### Task description
Before copying, set the images aside; then transcribe every entry below exactly.

[Recorded data]
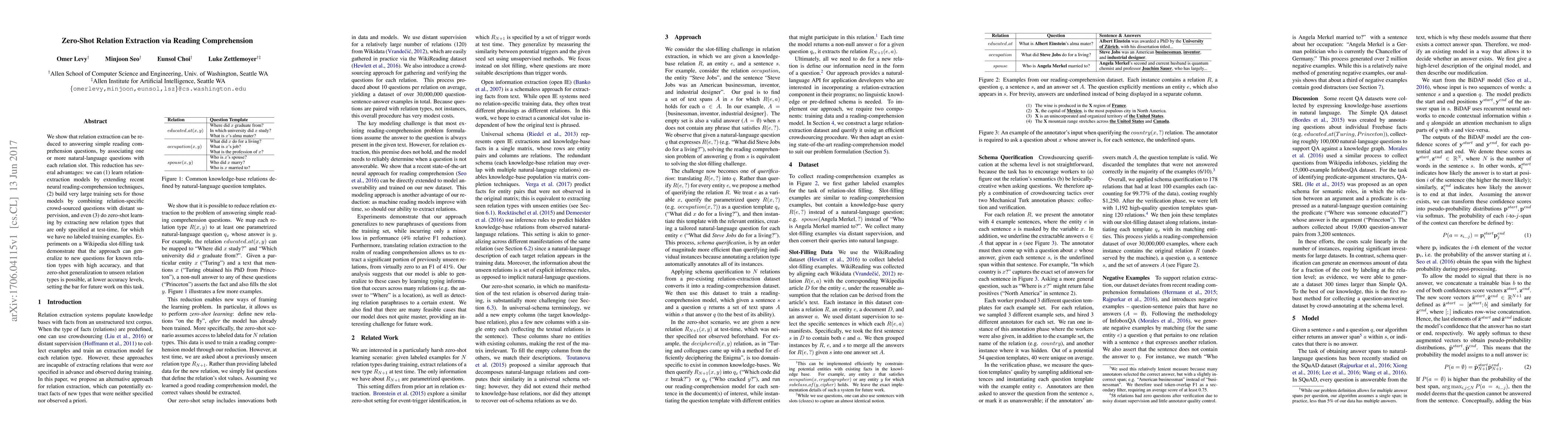This paper proposes a method for zero-shot relation extraction by framing it as a reading comprehension task, leveraging neural techniques to answer relation-specific questions. The approach demonstrates high accuracy for known relation types and initial success in zero-shot learning for new, unseen relation types.
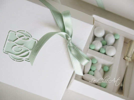 Here you'll find more than just boxes, but a universe of ideas and possibilities to perfectly dress up your wedding favor. Each project on display is the result of careful research and a profound passion for design and craftsmanship, designed to enhance the item they hold and leave a lasting impression on your guests.
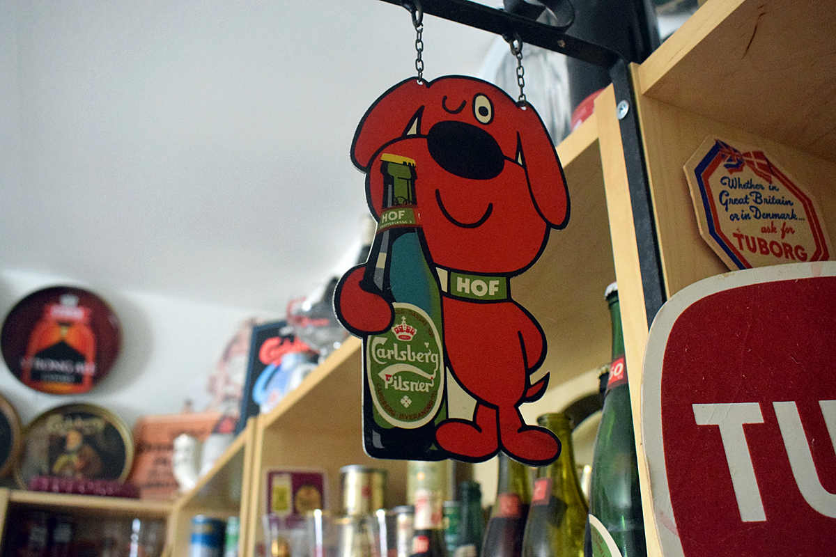 De två rummen har en uppdelning med danska prylar i ett rum och svenska i det andra. Att titta runt där blir en resa i tiden på flera sätt,. Många av bryggerierna i samlingen bryggde sina sista öl för många år sedan, och förr i tiden var heller inte alltid reklamen sådan att den passerat de granskande ögon som finns i dag.
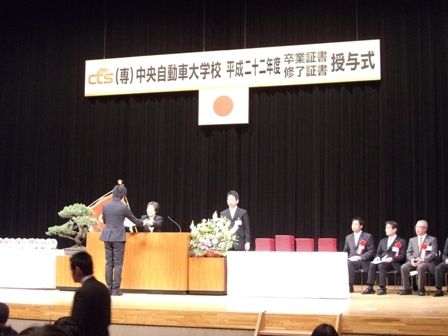 【千葉】中央自動車大学校(CTS、廣川萬里学校長)は11日、白井市の文化会館大ホールで「2010年度卒業証書・修了証書授与式」を行った。多数の来賓、父兄が見守る中、廣川学校長が時に在学中のエピソードを交えながら卒業生66人に卒業証書を、進...
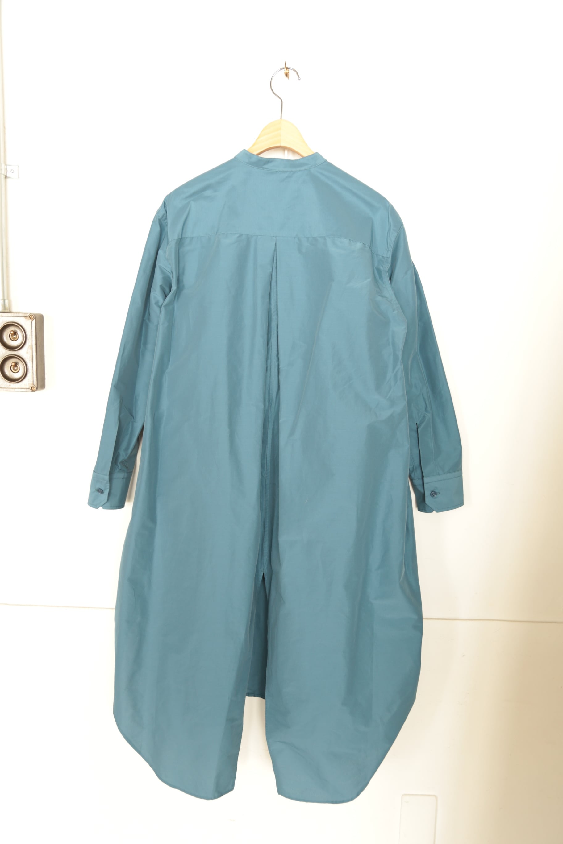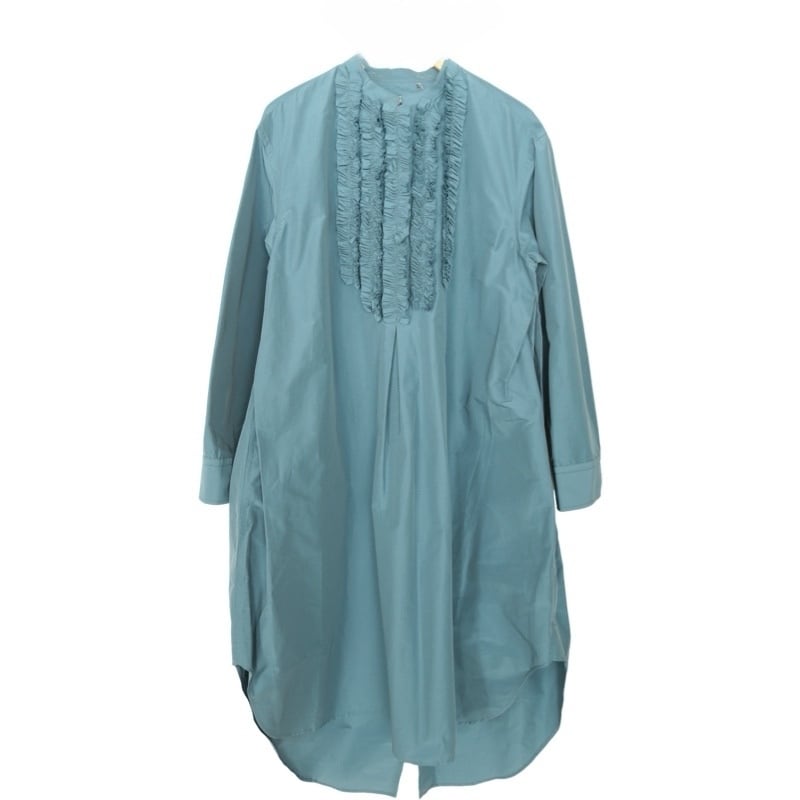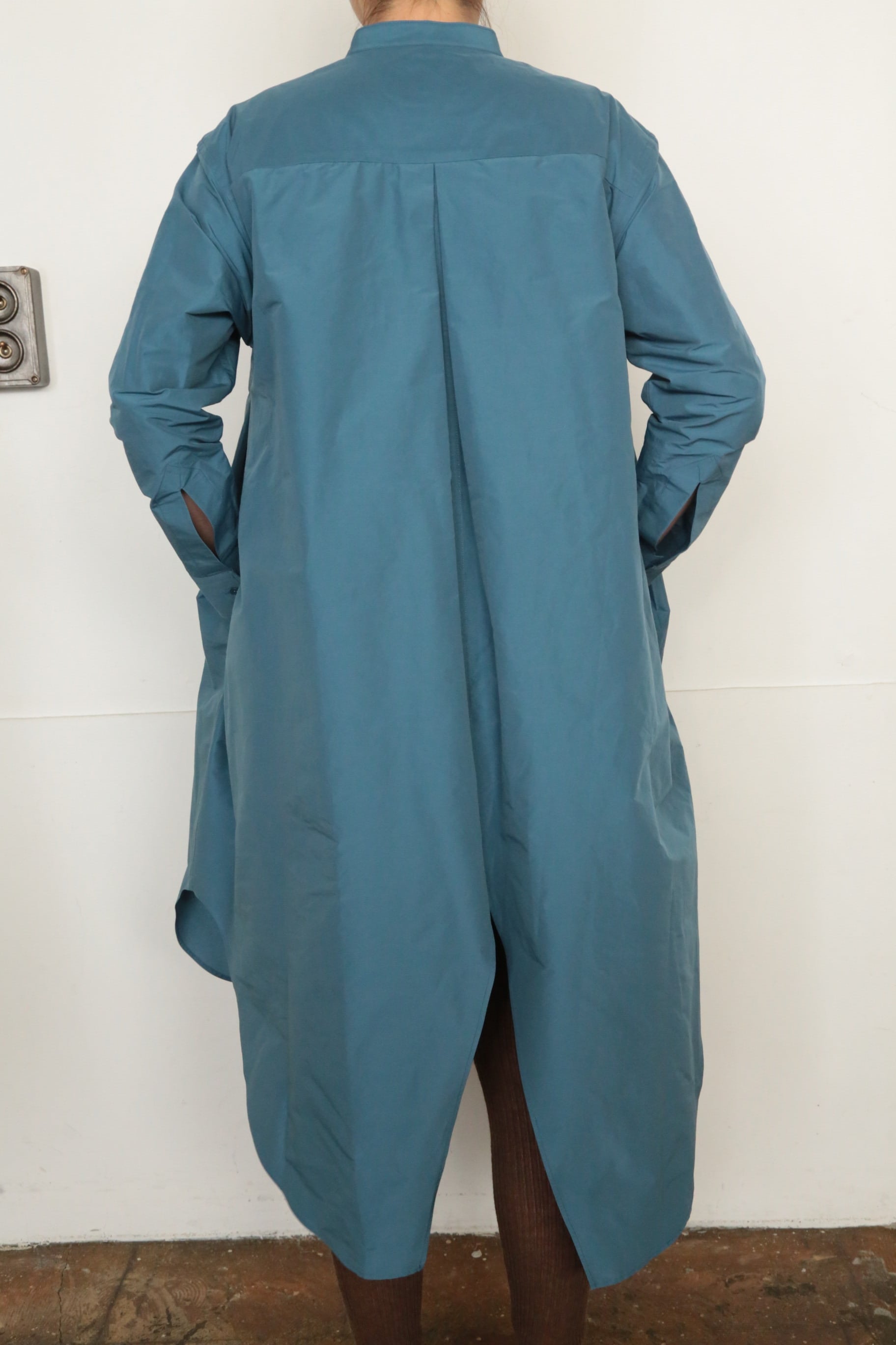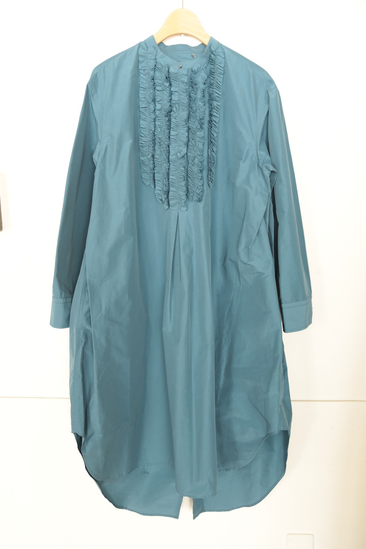 美しいブルーが印象的なTAFFETA SWALLOW TAIL FRILL SHIRT。
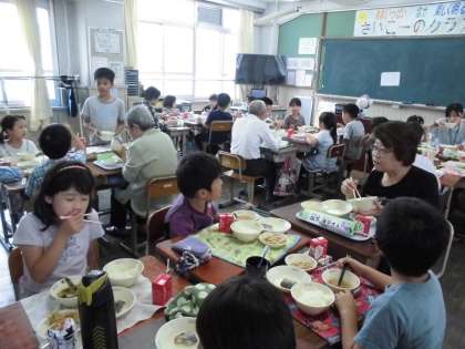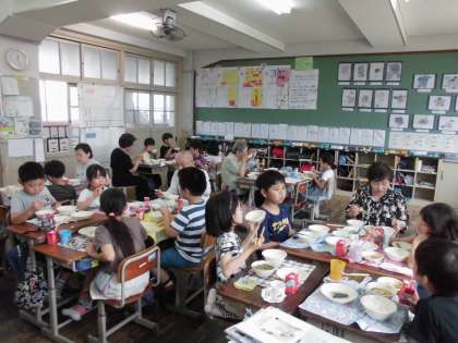 1組は教室に戻って食べました。グループごとに楽しくお話をして食べていました。
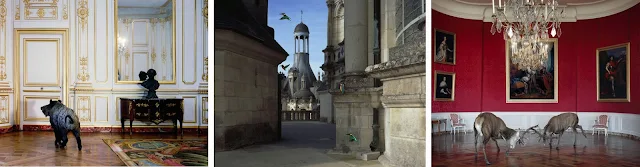 Karen Knorr, 1954, Alemania, fue criada en Puerto Rico. Su serie India Song consta de dos elementos. Las ubicaciones se han filmado con una cámara analógica de gran formato, los animales vivos con una cámara digital. Las dos imágenes se combinan para crear una imagen que desdibuja nuestra percepción de la realidad y la ficción. En su serie fábulas ella llama nuestra atención sobre el comportamiento animal y su relación con el comportamiento humano y las deficiencias. En la mayoría de las series recientes de Karen, usa museos, palacios u otros lugares culturales como entornos para su fotografía. Las siguientes imágenes provienen de India Song, Muses y Majas y fables (Château Chambord).

### Solved exercise
This paper proposes a method for zero-shot relation extraction by framing it as a reading comprehension task, leveraging neural techniques to answer relation-specific questions. The approach demonstrates high accuracy for known relation types and initial success in zero-shot learning for new, unseen relation types.
 Here you'll find more than just boxes, but a universe of ideas and possibilities to perfectly dress up your wedding favor. Each project on display is the result of careful research and a profound passion for design and craftsmanship, designed to enhance the item they hold and leave a lasting impression on your guests.
 De två rummen har en uppdelning med danska prylar i ett rum och svenska i det andra. Att titta runt där blir en resa i tiden på flera sätt,. Många av bryggerierna i samlingen bryggde sina sista öl för många år sedan, och förr i tiden var heller inte alltid reklamen sådan att den passerat de granskande ögon som finns i dag.
 【千葉】中央自動車大学校(CTS、廣川萬里学校長)は11日、白井市の文化会館大ホールで「2010年度卒業証書・修了証書授与式」を行った。多数の来賓、父兄が見守る中、廣川学校長が時に在学中のエピソードを交えながら卒業生66人に卒業証書を、進...
 美しいブルーが印象的なTAFFETA SWALLOW TAIL FRILL SHIRT。
 1組は教室に戻って食べました。グループごとに楽しくお話をして食べていました。
 Karen Knorr, 1954, Alemania, fue criada en Puerto Rico. Su serie India Song consta de dos elementos. Las ubicaciones se han filmado con una cámara analógica de gran formato, los animales vivos con una cámara digital. Las dos imágenes se combinan para crear una imagen que desdibuja nuestra percepción de la realidad y la ficción. En su serie fábulas ella llama nuestra atención sobre el comportamiento animal y su relación con el comportamiento humano y las deficiencias. En la mayoría de las series recientes de Karen, usa museos, palacios u otros lugares culturales como entornos para su fotografía. Las siguientes imágenes provienen de India Song, Muses y Majas y fables (Château Chambord).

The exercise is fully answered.